I pulled new tag lets say v006 by git fetch --tags and git checkout v006.

By mistake I failed to note which version was checked out (git describe --tags) before this new checkout. There seems to be error and I have to revert back to old tag. How do I know which tag was used?

Était-ce utile?

La solution

The HEAD reflog records each successful checkout along with the text "moving from (point A) to (point B)", e.g.:

$ git reflog
676699a HEAD@{0}: checkout: moving from
        695326c489285ed5678ac04d58289bcb24019bb9 to tag2
695326c HEAD@{1}: checkout: moving from master to tag1

In this case I started on master and then did git checkout tag followed by git checkout tag2. (Note: I edited the output slightly to make this more suitable for posting. If you have git set up to pipe through "less" you may have to scroll left/right in your window to see everything.)
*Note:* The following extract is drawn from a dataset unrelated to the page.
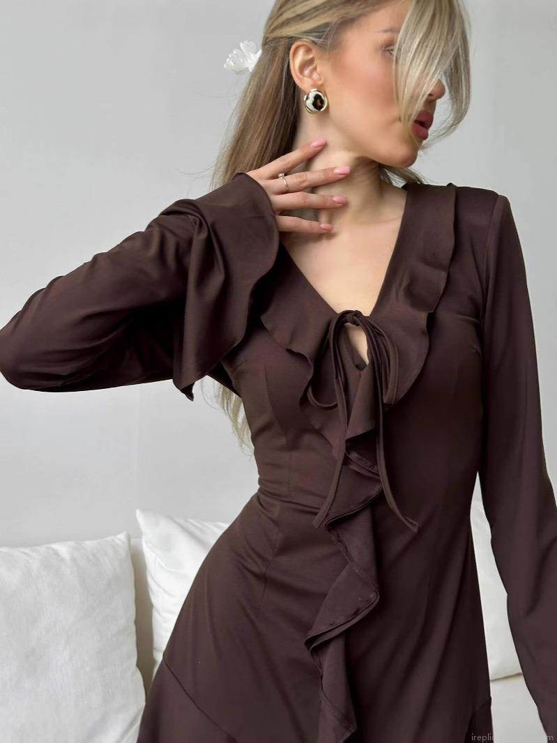 • Women's Sexy V-Neck Ruffle Trim Mini Dress Long Sleeve Tie Front Solid Coffee Brown Cotton Blend Bodycon Dress For Party Club Night Dating Summer

The first output line (which I wrapped so that it's the third quoted line) has a raw SHA-1 because when you check out a reference that is not a branch (or, when you use --detach with a branch) you get a "detached HEAD", where the HEAD file records a raw commit SHA-1. However, we can see from the next line that 695326c489285ed5678ac04d58289bcb24019bb9 is the SHA-1 for tag tag1.


Note: you say "There seems to be error and I have to revert back to old tag", and refer (via Stack Overflow tags) to git-revert. However, these kinds of git checkout (by tag or SHA-1) are about looking at some other version (i.e., getting a specific version into your work directory). The git revert command is about adding a new commit whose effect is to undo some old commit.

In general you only want to git revert if you are "on a branch" (as in, git checkout master or git checkout develop or some other branch name), and you discover that someone committed incorrect code to that branch, and need to "reverse apply" their previous change and make that a new commit (which you would then probably publish, either git push or make a pull request). So it seems odd to rever to "reverting" when what you have been doing is looking at old versions.